Six older swimmers support each other in the water—and out. Here, as their biggest challenge unfolds, Louise Tutelian shares their inspiring story.

Update: The Mighty Mermaids attempted their swim on July 22! Find out how they did here.

How hard is it to swim the English Channel? Consider this: 807 people summited Mount Everest last year, but only 1,832 people have swum the English Channel successfully since 1875. Come July 22nd, a six-woman relay team composed of top U.S. Masters long-distance swimmers will give it their best shot. Collectively, they’re known as the Mighty Mermaids.

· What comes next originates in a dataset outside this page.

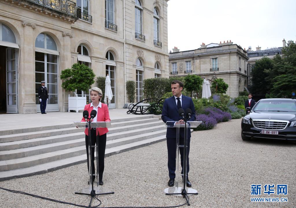 6月23日,法國總統馬克龍(右)與歐盟委員會主席馮德萊恩在巴黎總統府愛麗舍宮出席新聞發布會。

The Mermaids are Christie Ciraulo and Veronica “Roni” Hibben from California, Jenny Cook of New York, Karen Einsidler of Florida, Tracy Grilli of New Hampshire, and Nancy Steadman Martin of New Jersey. For years, they knew each other only by reputation. And what reputations! Lifelong competitors, they are among the top long-distance swimmers for their age group in the world. All members of United States Masters Swimming (USMS), a special class of competitive swimmers aged 18 and older, they hold hundreds of individual world and national titles.

A Team Assembles

In 2005, Christie Ciraulo brought the group together as she was approaching her 50th birthday. “I wanted to swim for another 40 years, but it can be a very solitary sport,” Ciraulo recalled one overcast day on the beach in Santa Monica. “I thought, How can I make it not so solitary?”

Her solution: Form a relay team of “fast, fun and over 50” women who would commit to an annual open-water race. Only super-competitive types need apply.  Ultimately, Ciraulo, a former public-relations professional, corralled a diverse group of working women—travel agent, executive secretary, lawyer, life-insurance agent, and wireless tech executive—who threw their swim caps into the pool.  It took another three years for the group to all turn 50 (that way, they stood the best chance to win their age group of 50-59), get organized, and brainstorm which races they would enter. By 2008, they had chosen to swim across Lake Tahoe and have never looked back.

After that, the Mermaids took Manhattan—swimming 28.5 miles around the island. The next year, they swam from Catalina Island to the Southern California mainland. And so it went. Across Tampa Bay. The entire length of New Hampshire’s Lake Winnipesaukee. Down the Mighty Red River of the North, a 38-mile race from Minnesota to North Dakota.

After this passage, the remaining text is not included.